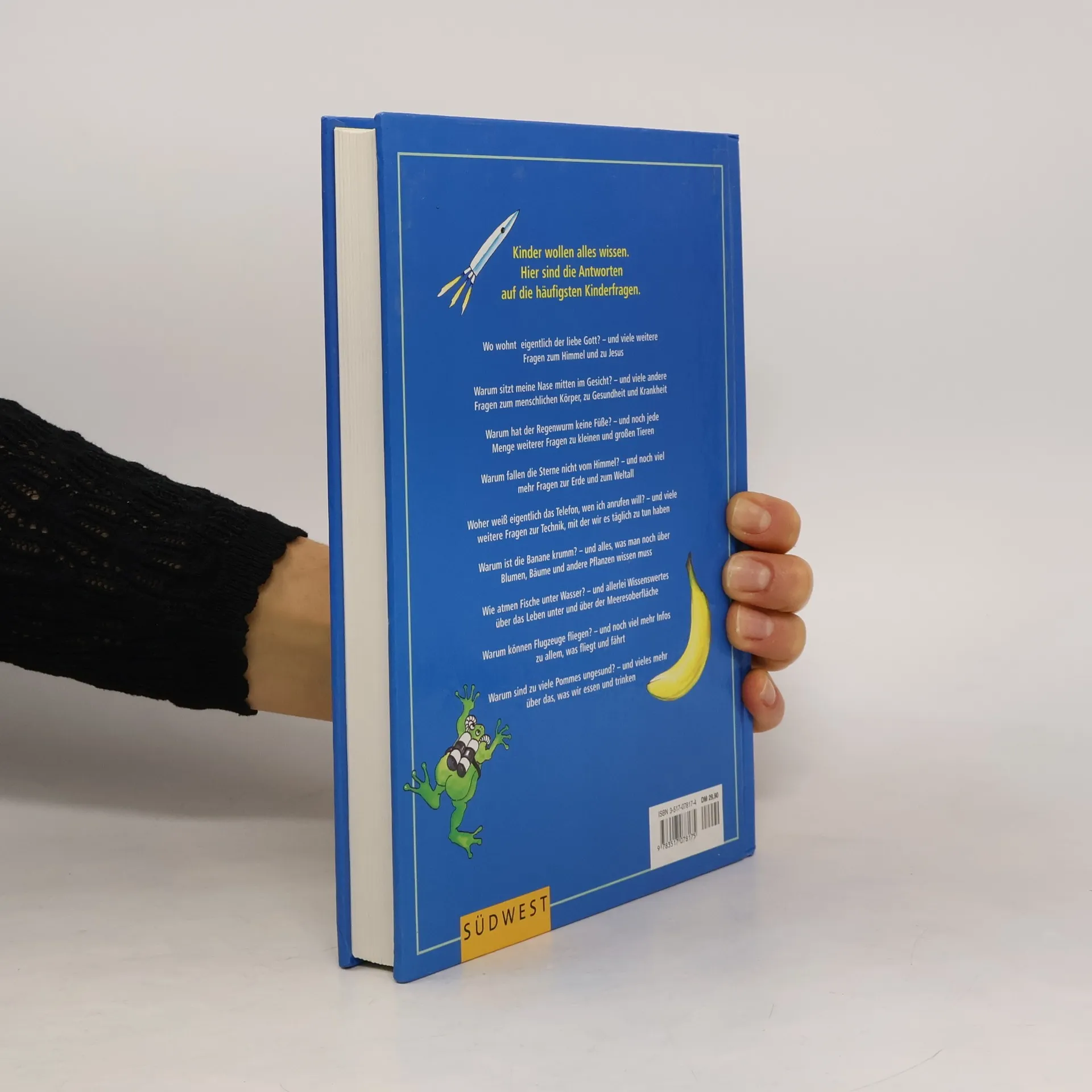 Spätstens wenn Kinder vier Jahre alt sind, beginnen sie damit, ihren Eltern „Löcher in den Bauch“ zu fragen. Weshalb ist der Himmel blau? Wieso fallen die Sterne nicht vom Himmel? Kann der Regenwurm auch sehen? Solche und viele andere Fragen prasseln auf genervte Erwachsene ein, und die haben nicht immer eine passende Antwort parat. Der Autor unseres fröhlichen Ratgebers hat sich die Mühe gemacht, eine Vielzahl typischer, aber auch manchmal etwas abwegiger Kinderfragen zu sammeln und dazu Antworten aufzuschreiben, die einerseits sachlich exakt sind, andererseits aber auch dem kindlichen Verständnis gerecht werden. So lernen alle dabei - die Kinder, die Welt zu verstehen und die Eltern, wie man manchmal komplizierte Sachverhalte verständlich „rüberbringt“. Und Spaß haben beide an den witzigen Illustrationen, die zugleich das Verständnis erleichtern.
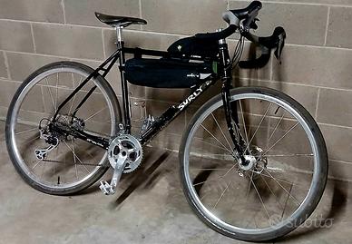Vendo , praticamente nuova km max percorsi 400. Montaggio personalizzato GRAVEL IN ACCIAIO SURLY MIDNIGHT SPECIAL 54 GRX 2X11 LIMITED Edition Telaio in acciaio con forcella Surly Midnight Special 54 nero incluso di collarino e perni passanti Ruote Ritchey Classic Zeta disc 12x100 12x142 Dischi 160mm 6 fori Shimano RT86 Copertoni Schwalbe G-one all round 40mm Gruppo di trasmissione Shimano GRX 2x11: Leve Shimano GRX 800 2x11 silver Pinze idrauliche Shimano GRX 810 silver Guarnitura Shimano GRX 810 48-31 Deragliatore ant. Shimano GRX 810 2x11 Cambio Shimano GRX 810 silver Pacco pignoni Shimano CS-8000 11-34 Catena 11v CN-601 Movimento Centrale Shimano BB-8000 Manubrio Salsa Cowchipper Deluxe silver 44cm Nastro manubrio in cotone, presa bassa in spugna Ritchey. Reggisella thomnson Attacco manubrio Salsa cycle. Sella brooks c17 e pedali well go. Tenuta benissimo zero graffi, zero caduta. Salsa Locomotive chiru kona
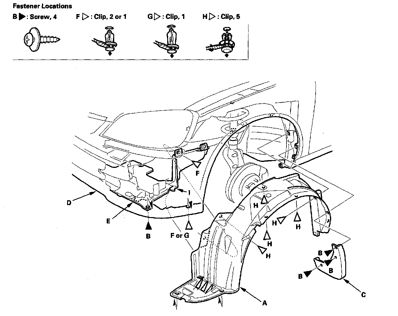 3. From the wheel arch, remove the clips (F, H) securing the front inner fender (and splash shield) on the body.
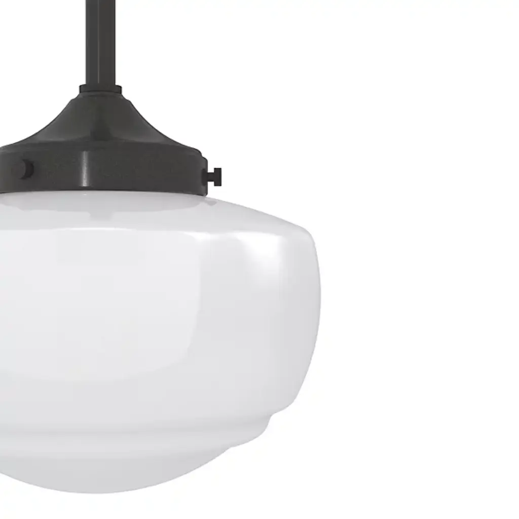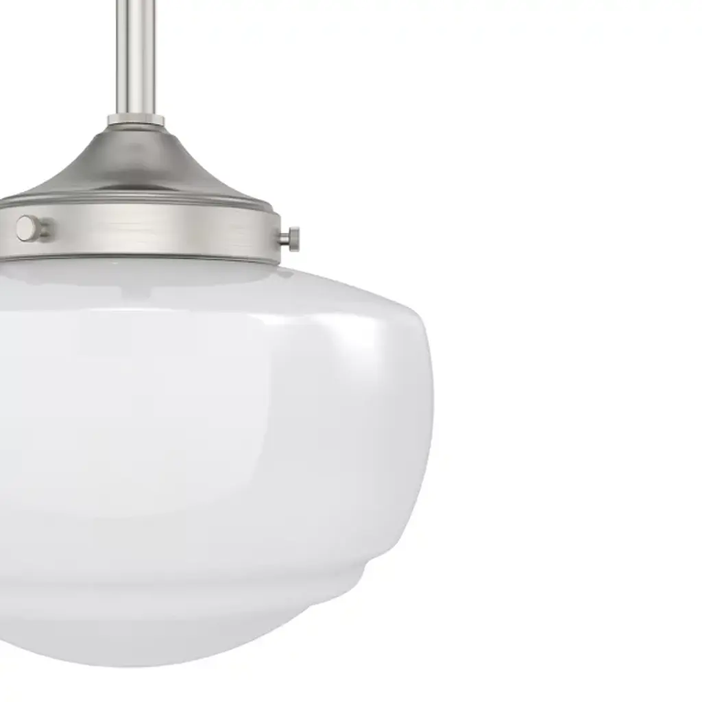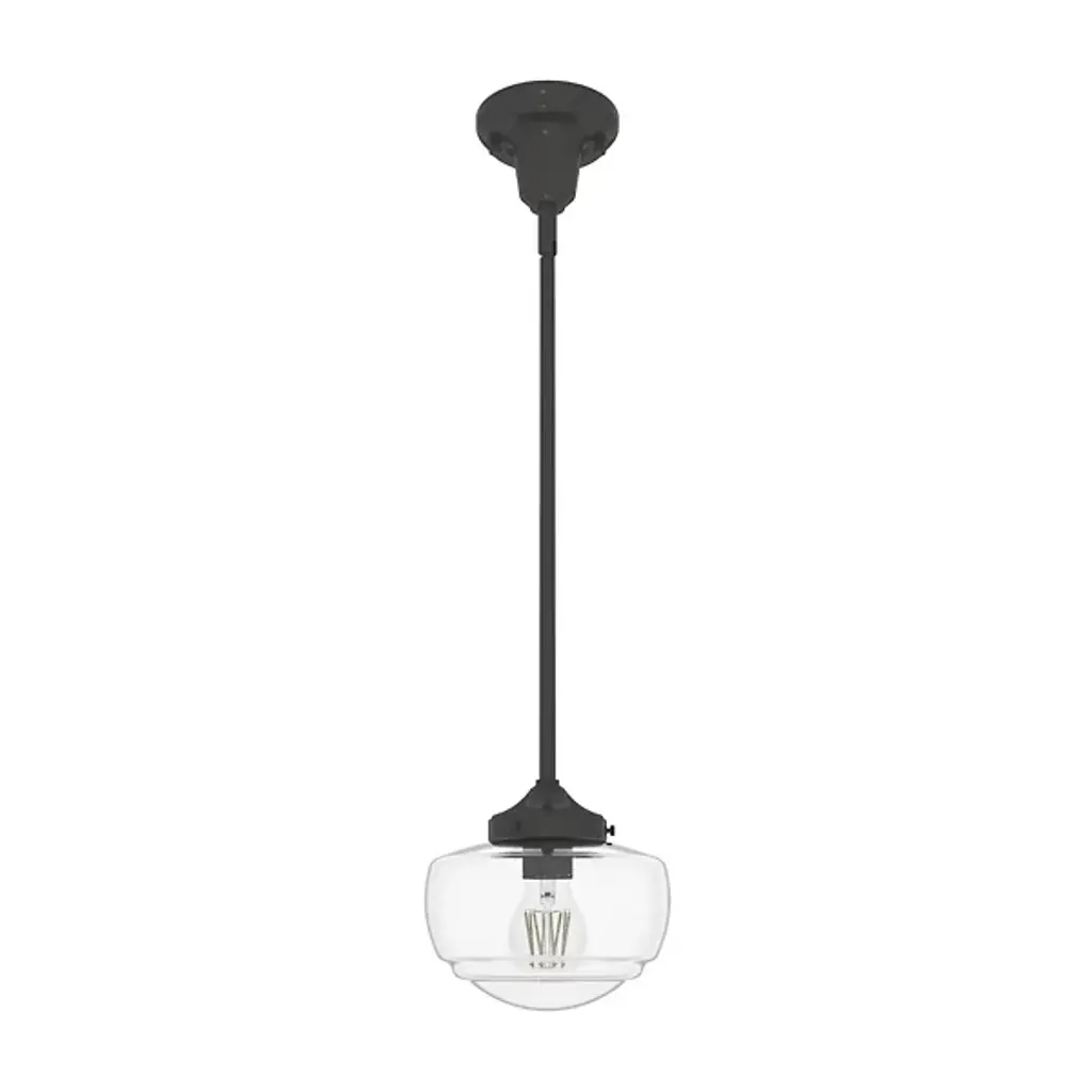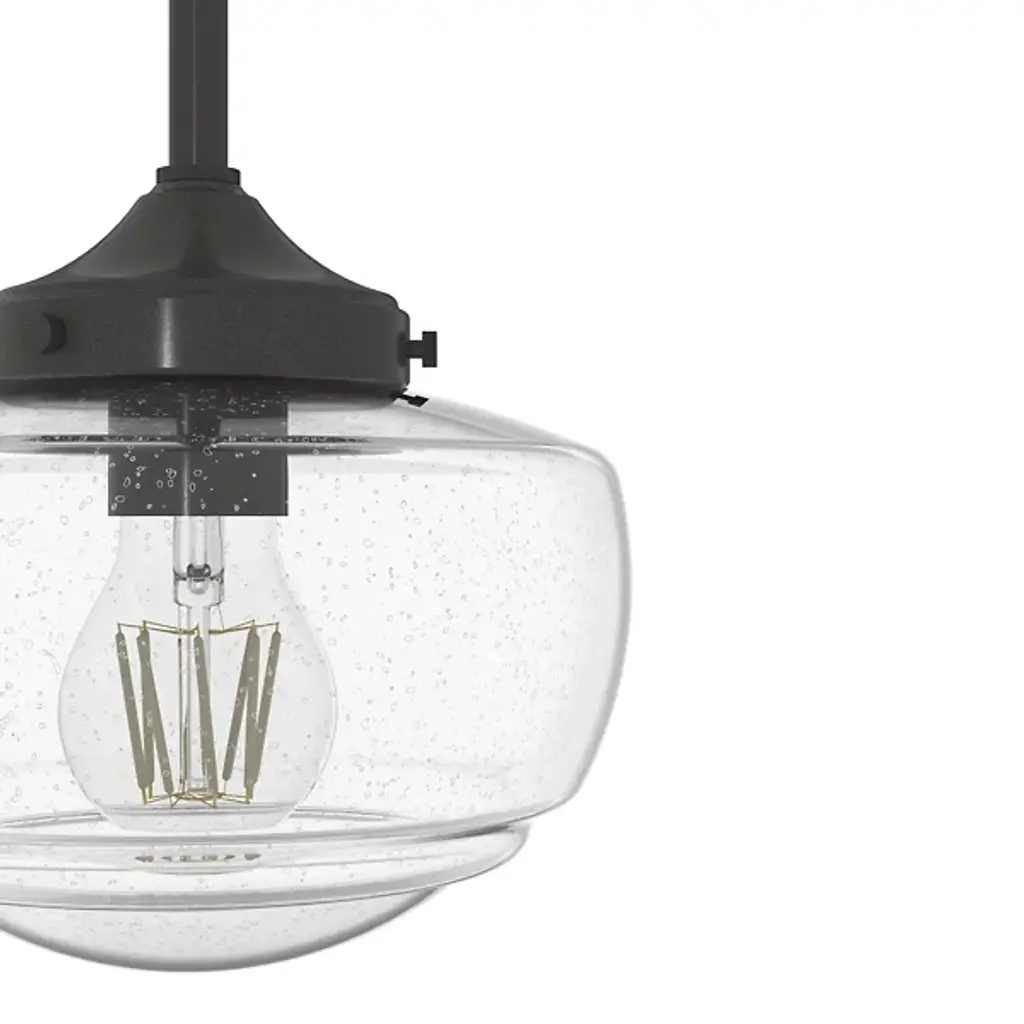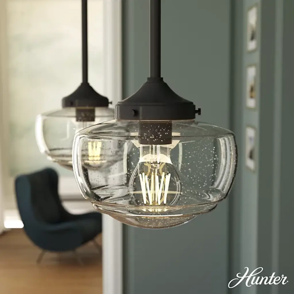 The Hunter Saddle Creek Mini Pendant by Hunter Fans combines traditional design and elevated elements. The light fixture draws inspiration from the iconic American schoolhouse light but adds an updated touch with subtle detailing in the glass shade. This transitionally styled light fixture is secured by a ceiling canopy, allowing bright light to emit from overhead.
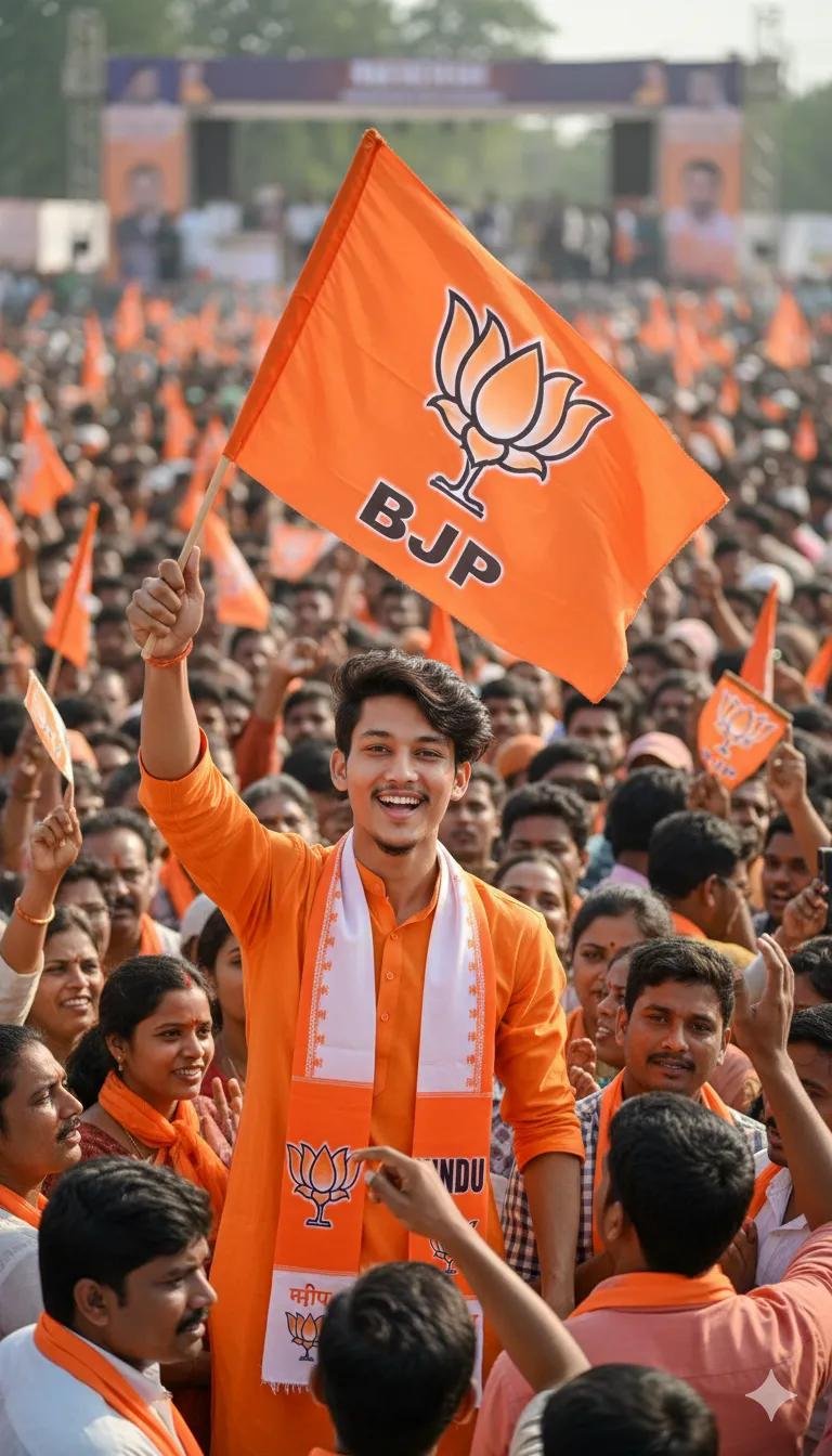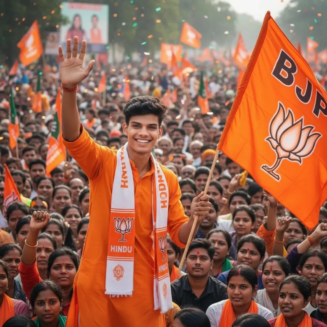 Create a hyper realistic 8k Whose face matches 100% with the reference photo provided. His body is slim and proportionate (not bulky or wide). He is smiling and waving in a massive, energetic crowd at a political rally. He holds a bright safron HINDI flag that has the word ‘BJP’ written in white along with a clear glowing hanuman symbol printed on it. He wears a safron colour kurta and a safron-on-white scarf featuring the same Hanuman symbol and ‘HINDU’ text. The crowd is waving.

========================================

## What you need to do:
The records above are to be quoted exactly, with all pictures left out.

## Response to the exercise:
 Spätstens wenn Kinder vier Jahre alt sind, beginnen sie damit, ihren Eltern „Löcher in den Bauch“ zu fragen. Weshalb ist der Himmel blau? Wieso fallen die Sterne nicht vom Himmel? Kann der Regenwurm auch sehen? Solche und viele andere Fragen prasseln auf genervte Erwachsene ein, und die haben nicht immer eine passende Antwort parat. Der Autor unseres fröhlichen Ratgebers hat sich die Mühe gemacht, eine Vielzahl typischer, aber auch manchmal etwas abwegiger Kinderfragen zu sammeln und dazu Antworten aufzuschreiben, die einerseits sachlich exakt sind, andererseits aber auch dem kindlichen Verständnis gerecht werden. So lernen alle dabei - die Kinder, die Welt zu verstehen und die Eltern, wie man manchmal komplizierte Sachverhalte verständlich „rüberbringt“. Und Spaß haben beide an den witzigen Illustrationen, die zugleich das Verständnis erleichtern.
Vendo , praticamente nuova km max percorsi 400. Montaggio personalizzato GRAVEL IN ACCIAIO SURLY MIDNIGHT SPECIAL 54 GRX 2X11 LIMITED Edition Telaio in acciaio con forcella Surly Midnight Special 54 nero incluso di collarino e perni passanti Ruote Ritchey Classic Zeta disc 12x100 12x142 Dischi 160mm 6 fori Shimano RT86 Copertoni Schwalbe G-one all round 40mm Gruppo di trasmissione Shimano GRX 2x11: Leve Shimano GRX 800 2x11 silver Pinze idrauliche Shimano GRX 810 silver Guarnitura Shimano GRX 810 48-31 Deragliatore ant. Shimano GRX 810 2x11 Cambio Shimano GRX 810 silver Pacco pignoni Shimano CS-8000 11-34 Catena 11v CN-601 Movimento Centrale Shimano BB-8000 Manubrio Salsa Cowchipper Deluxe silver 44cm Nastro manubrio in cotone, presa bassa in spugna Ritchey. Reggisella thomnson Attacco manubrio Salsa cycle. Sella brooks c17 e pedali well go. Tenuta benissimo zero graffi, zero caduta. Salsa Locomotive chiru kona
 3. From the wheel arch, remove the clips (F, H) securing the front inner fender (and splash shield) on the body.
 The Hunter Saddle Creek Mini Pendant by Hunter Fans combines traditional design and elevated elements. The light fixture draws inspiration from the iconic American schoolhouse light but adds an updated touch with subtle detailing in the glass shade. This transitionally styled light fixture is secured by a ceiling canopy, allowing bright light to emit from overhead.
 Create a hyper realistic 8k Whose face matches 100% with the reference photo provided. His body is slim and proportionate (not bulky or wide). He is smiling and waving in a massive, energetic crowd at a political rally. He holds a bright safron HINDI flag that has the word ‘BJP’ written in white along with a clear glowing hanuman symbol printed on it. He wears a safron colour kurta and a safron-on-white scarf featuring the same Hanuman symbol and ‘HINDU’ text. The crowd is waving.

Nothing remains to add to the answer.